According to final unofficial election results issued after midnight Wednesday, Vallario topped Dalessandri 7,567-6,067, by a margin of exactly 1,500 votes, or 11 percent.

Looking at his new job from a somewhat ironic perspective, Vallario joked that he just gave up his successful 15-year career with the Glenwood Springs Police Department for a job that could leave him unemployed in four years. He is currently the department’s lieutenant, the No. 2 position.

The 42-year-old Republican said his first priority as Garfield County sheriff is to “get the manpower situation under control.”

Vallario said he must fill the open positions in the sheriff’s department, especially if he is to follow through with his promise to improve the service and response time of deputies for Garfield County residents.

“I think we can accomplish that,” he said.

“I’ve already had friends call me from all over the state,” he said, adding that some expressed interest in possibly joining the department under his leadership.

Vallario said he’s not sure why Sheriff Tom Dalessandri, 48, a Carbondale Democrat, had problems keeping people. Vallario said he’ll try to remedy any problems he sees once he takes office on Jan. 14.

“I think maybe some of the enthusiasm is lacking,” he said of the department under Dalessandri’s leadership.

Any hostility shown during the campaign seemed to have died out by Wednesday morning, Vallario said.

“He called to congratulate me,” Vallario said, adding that the two will sit down next week to discuss how to handle the transition.

“I don’t know how the transition is going to go,” Vallario said. “Potentially there could be some upper-management changes.”

As far as other staff in the sheriff’s office, he said he’d look at them on a person-by-person basis.

“It’s not like I’m going to go in there and make sweeping changes. This is not the Lou Vallario Sheriff’s Department, it’s the Garfield County Sheriff’s Office, and I’m going to be running it for the next four years,” he said.

Vallario explained the basics of his plan to improve service for Garfield County residents.

“By getting the manpower filled, you can get more deputies spread out around the county,” he said. “The No. 1 priority is getting those slots filled.”

He’ll then split the county into four zones, thereby lessening the distance traveled by deputies for each call. Under Dalessandri’s plan, it’s divided in three zones.

“The other thing probably is culture,” Vallario said of the changes he envisions. “It starts from the top down.”
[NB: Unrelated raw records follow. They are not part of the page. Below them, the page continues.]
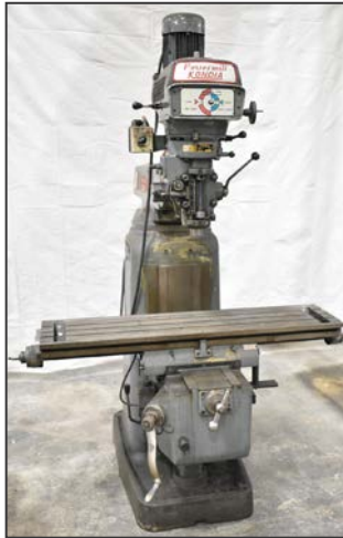
KONDIA POWERMILL vertical
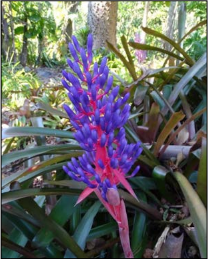
Portea species or hybrid, submitted by Richard Poole
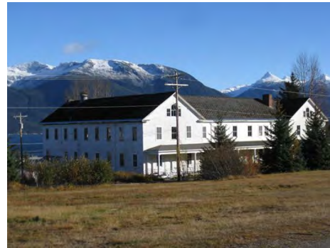
Flashing was installed around the 480 foot perimeter of the roof at the Barracks Building, Fort William H. Seward, in summer 2016.

The second grant of $2,500 was awarded to the Port Chilkoot Company for installation of flashing on the roof of the Barracks Building, Fort William H. Seward, in Haines. This will protect the roof and siding until major repairs can be done in the future. This grant project is complete.
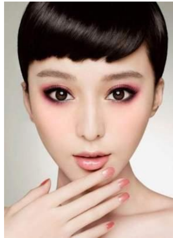
Fan Bing Bing – CHINA
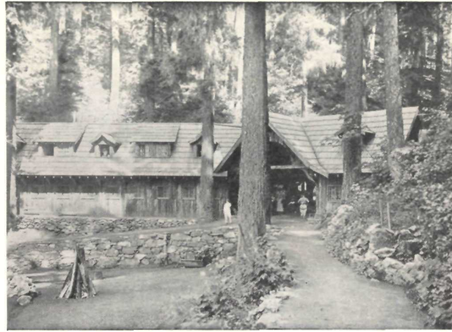
Headquarters Building, Dining Room and Office
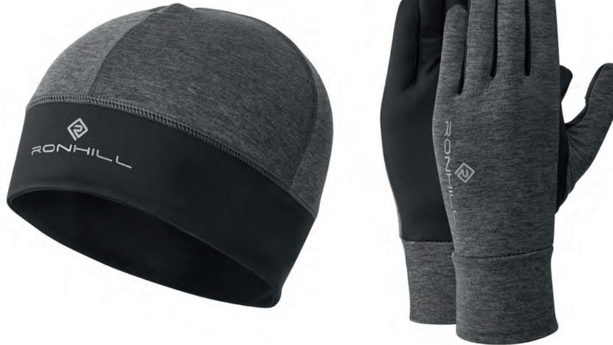
RH-00202 Grey Marl/Black

Fibre content: 88% Polyester, 12% Elastanex
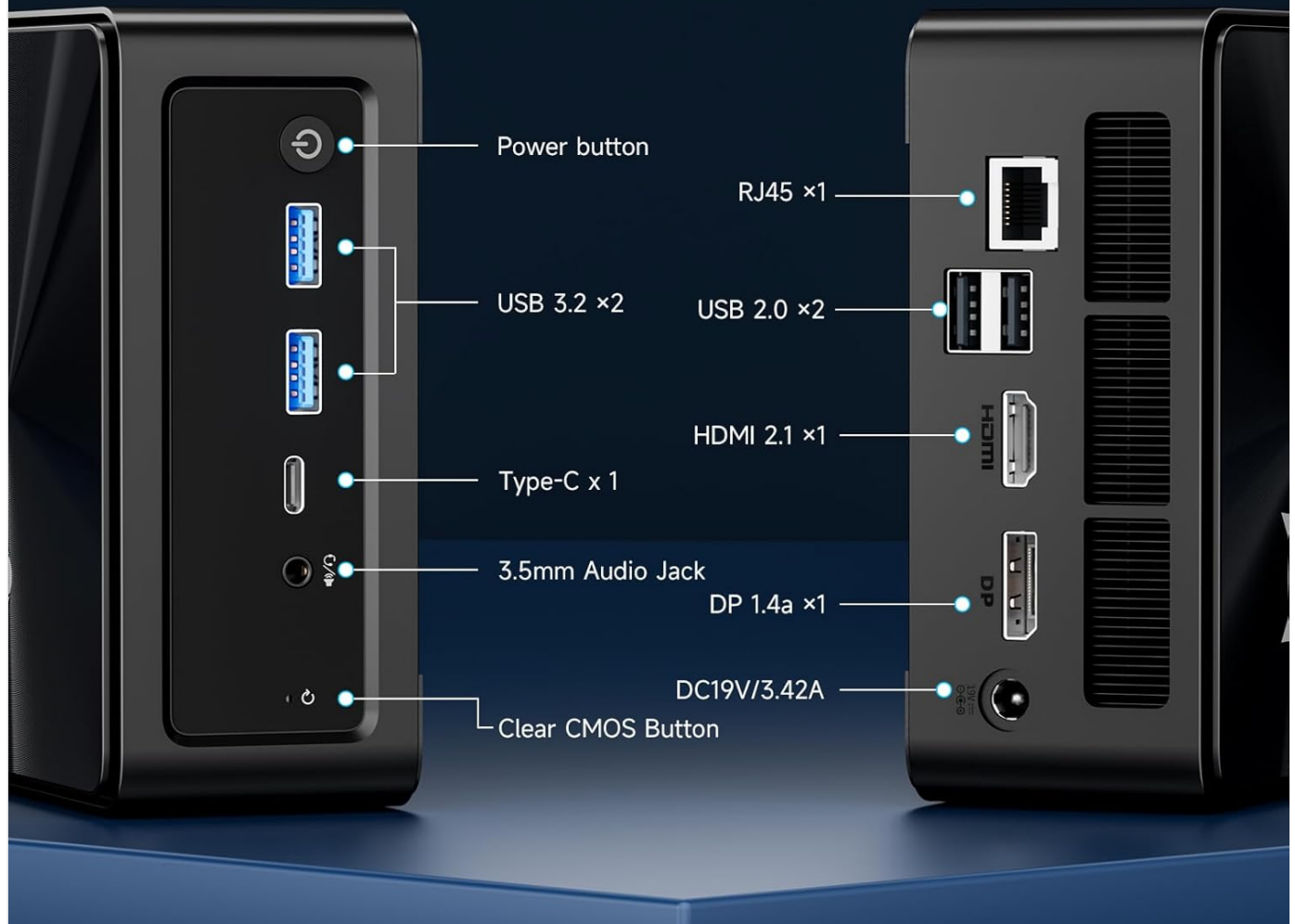
Image: Detailed view of the Bmax Mini PC's ports, including USB 3.2, USB 2.0, Type-C, HDMI 2.1, DisplayPort 1.4a, RJ45, 3.5mm Audio Jack, and DC Power In.
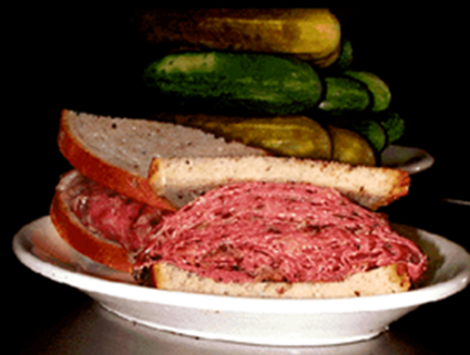
and orders a pastrami on rye with a pickle on the side to go.
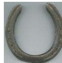
horseshoe 马蹄铁 [mǎ tí tiě]
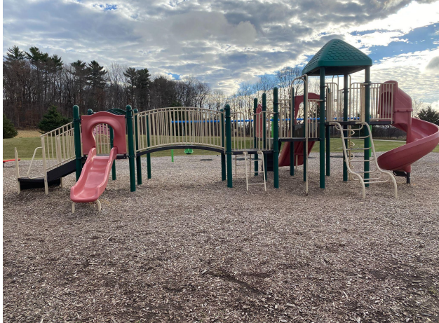
Ages 2-5 Equipment
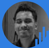
ALDIE NUSA PUTRA PATHWAY ALUMNI

Remember, you can contact SAE Indonesia admissions team at: ☎ (+62) 21 781 7188 📞 0817 1717 6567 ✉ jakarta@sae.edu
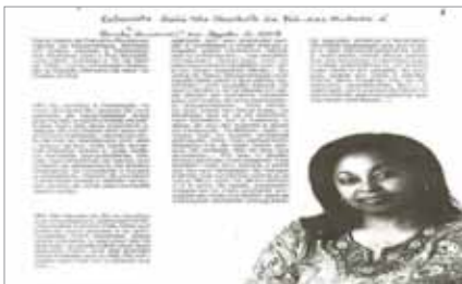
WFP Portugal Publication of an article about the current WFP President August 2010
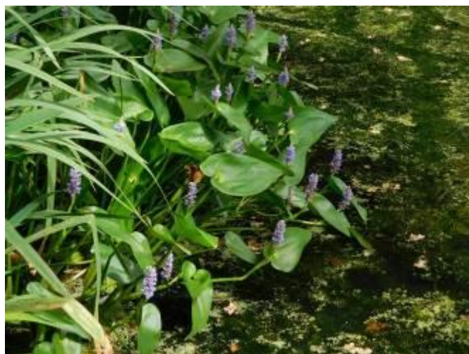
Pickerel weed Pontederia cordata growing on western margin of the 'top' pond at Holbury Manor Ponds on 29 July 2016

On 29 July 2016 whilst visiting Holbury Manor Ponds to look for floating pennywort, Catherine Chatters came across Pickerel weed growing on the margin of the 'top' Pond at SU 42722 03757. The Pickerel weed covered an area approximately 2m x 3m.

In addition to hiring more deputies, Vallario also said he’ll create two more investigator positions.

“An idea we have is that officers take initial reports, then further reports get bumped up to the investigators,” he explained.

This system, he said, will let deputies work the streets instead of doing paperwork in the office.

Initial discussions have also begun in the search for Vallario’s replacement at the Glenwood Springs Police Department, he said.

“We’ll probably have my replacement decided before I leave,” he said. “That way I can train him.”

Garfield County Sheriff Tom Dalessandri seemed upbeat on Wednesday despite Tuesday’s loss to Lou Vallario in the Garfield County Sheriff’s race.

In fact, less than 24 hours after losing the election, Dalessandri had already met with Democratic Party leaders to discuss his political future.

“All this served to do is energize me,” said the Carbondale Democrat.

Dalessandri didn’t offer many details, however.

“All I can tell you is that we met this morning,” he said Wednesday. “We’re keeping all our options open. We’re definitely not out of the game by any stretch.”

Garfield County Democratic Party Chairwoman Leslie Robinson gave more insight.

“I look at the future thinking that Tom is going to be a better candidate in up and coming races,” she said. “There’s quite a few coming up, from the state senate to Congress.

“I really think Tom is a very talented person, so I don’t see this as a setback to his political career at all. In fact, I don’t know that I wanted him to be tied down for four more years,” she added.

Dalessandri said Vallario’s negative ads played a part in the race outcome, as did the large amount of money his Republican challenger was able to raise.

“I was actually very surprised,” Dalessandri said of his defeat. “Mainly from responses received door-to-door, it was very positive. That part of it had me puzzled for sure. We had a good eight years, and we did a lot for this county.”

The actual administration changeover won’t happen until Jan. 14, giving both sides more than two months to prepare. Most of the decisions about that transition, Dalessandri said, will be made by the incoming sheriff-elect Vallario.

Dalessandri said he hasn’t talked to many of the sheriff’s department employees since his defeat was certain. But he said there is always the chance some of his staff members could be replaced.

“There’s always a concern for anyone who works for someone in an elected position,” he said.